▶ **Listed records**:
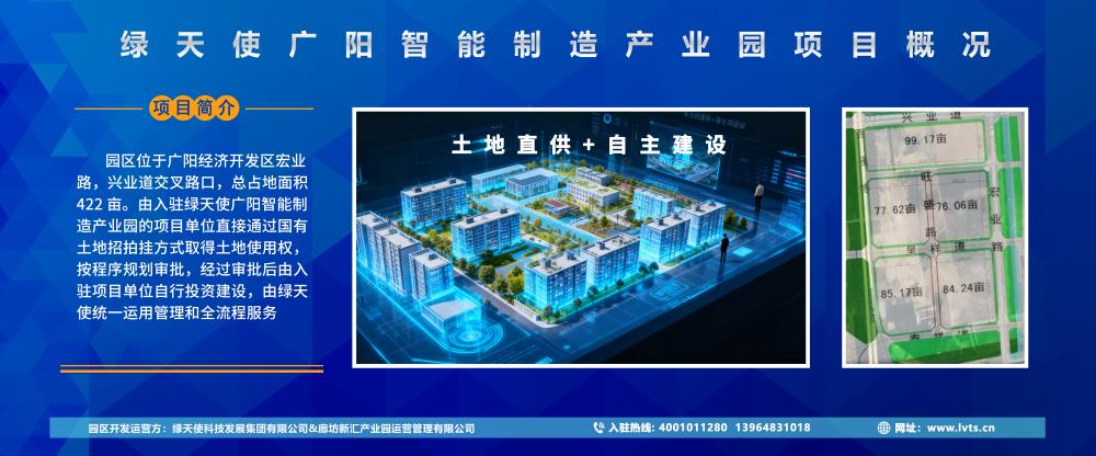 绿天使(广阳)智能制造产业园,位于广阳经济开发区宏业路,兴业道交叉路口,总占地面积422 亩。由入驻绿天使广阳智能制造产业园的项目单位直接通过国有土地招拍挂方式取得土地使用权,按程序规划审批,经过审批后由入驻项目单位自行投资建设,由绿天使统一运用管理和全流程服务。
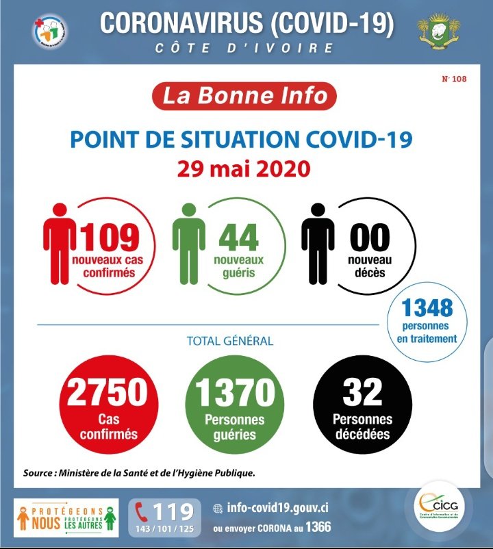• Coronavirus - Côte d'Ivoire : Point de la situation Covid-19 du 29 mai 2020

...

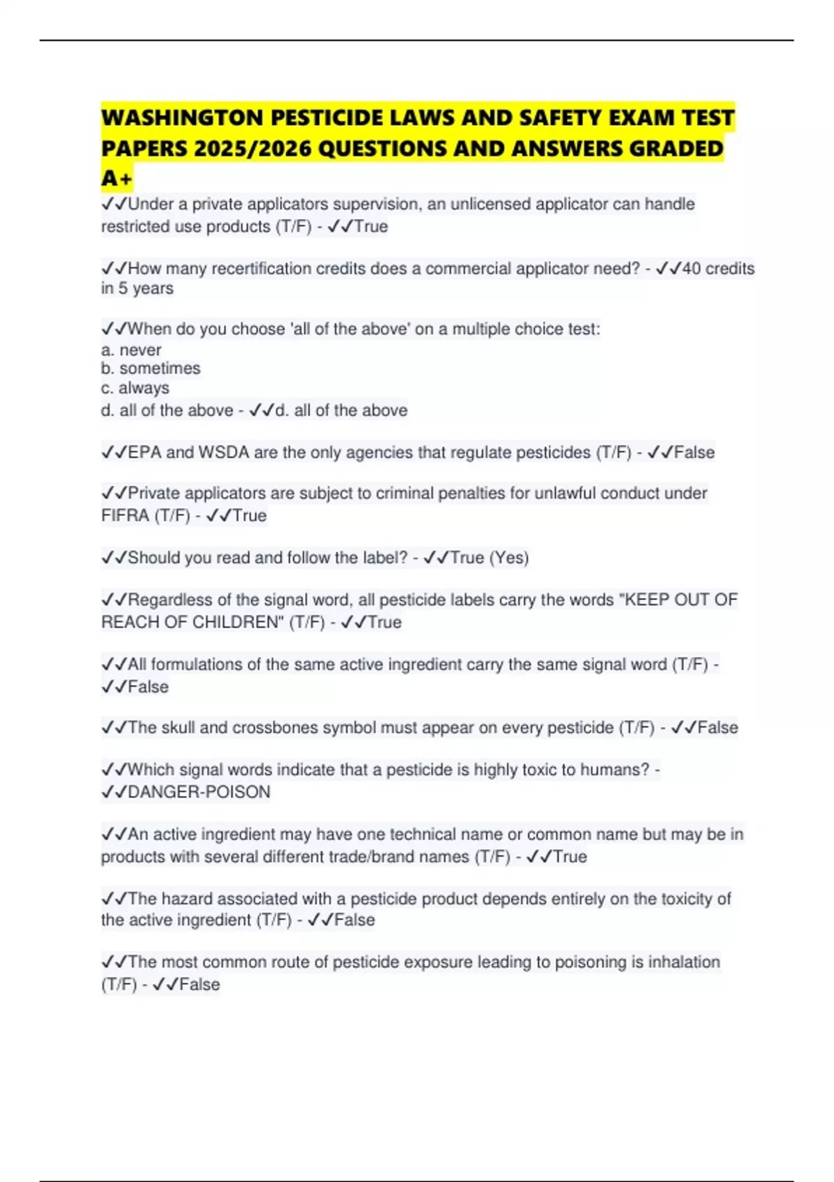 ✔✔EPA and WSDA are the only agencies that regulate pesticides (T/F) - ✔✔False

▶ **Brief**:
Lines from the one above containing "绿天使(广阳)智能制造产业园" down to the one containing "29 mai 2020" should be transcribed exactly, with both ends kept and no pictures.

▶ **Output for this exercise**:
 绿天使(广阳)智能制造产业园,位于广阳经济开发区宏业路,兴业道交叉路口,总占地面积422 亩。由入驻绿天使广阳智能制造产业园的项目单位直接通过国有土地招拍挂方式取得土地使用权,按程序规划审批,经过审批后由入驻项目单位自行投资建设,由绿天使统一运用管理和全流程服务。
• Coronavirus - Côte d'Ivoire : Point de la situation Covid-19 du 29 mai 2020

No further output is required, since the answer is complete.